Editor's Viewpoint: Loyalist tensions still pose a threat

The loyalist paramilitary organisations showed remarkable restraint during the violence which flared for several nights around the Twelfth.

There seems no doubt that influential figures within the UVF and UDA are keeping a tight rein on the organisations, and sticking to their ceasefires and also to their decommissioning statements.

Yet it should be noted that there are tensions within loyalism, bubbling quietly away beneath the surface. Indeed, those tensions spilled out in May, when Bobby Moffett was shot dead on the Shankill Road. Then consensus of opinion is that he was shot by the UVF, and this is likely to be confirmed when the Independent Monitoring Commission - the government's paramilitary watchdog - produces its special report on the killing.

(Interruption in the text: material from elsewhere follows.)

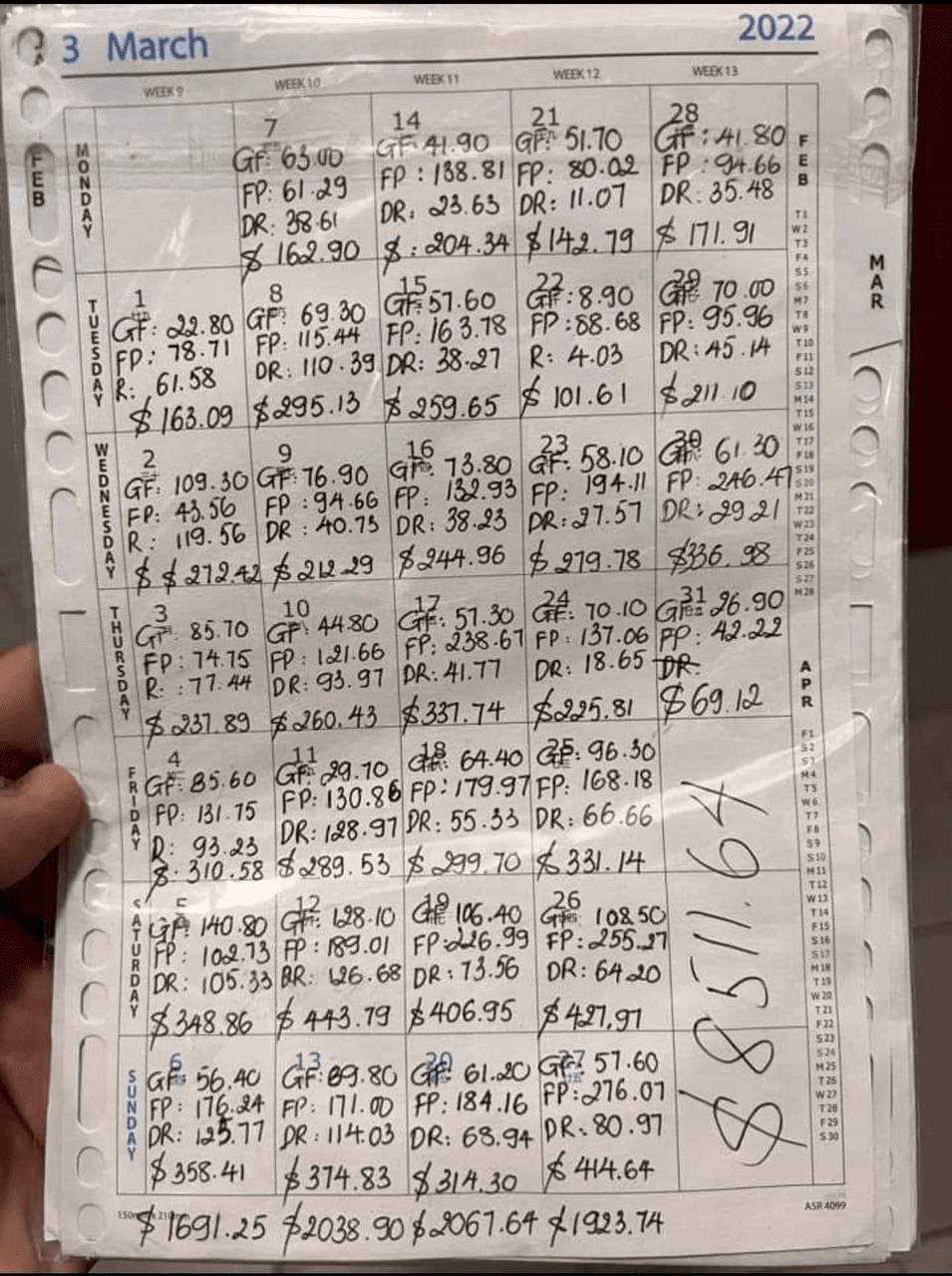 在本地论坛Hardwarezone上,一名用户晒出了一名外卖小哥手写记录下的收入。
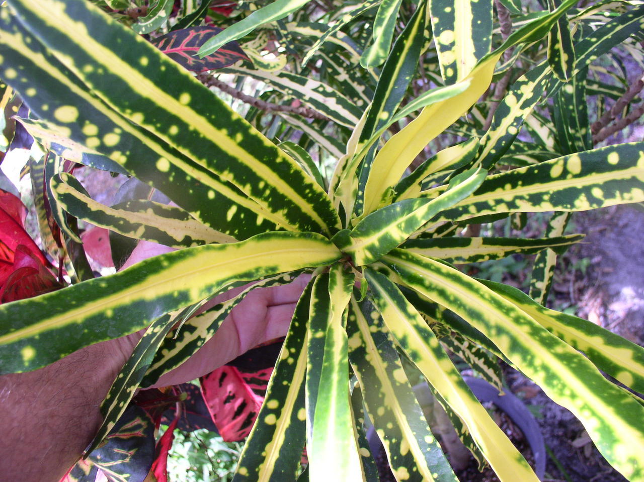 I bought some unnamed crotons some years ago from the Croton Society booth at either USF at Tampa or Selby Botanic Garden. Some names are obvious, like Ovalifolium, Franklin Roosevelt, but other IDs have confounded me. I'll attempt to post pics.

But the real interest will lie in the IMC's assessment of whether or not the murder was sanctioned by the UVF's leadership. If it was, then that would be interpreted as a clear breach of its ceasefire, but also proving that they have not put all their arms beyond use.

There are also tensions within the UDA, with mainstream leaders claiming that they have had their lives threatened by a breakaway faction led, they claimed, by a well-known dissident loyalist released from jail not long ago. Whether the threats are genuine or not is a moot point, but certainly the UDA remains one of the most volatile loyalist organisations, and further infighting would surprise no-one.

The report into the murder of one of the most notorious loyalist killers, Billy Wright, is also due to be published.

The findings on how three INLA men got arms and were able to get from their compound to the van bringing Wright to the visiting area, will be eagerly anticipated. Was it just lax security, or will questions of collusion continue to be aired?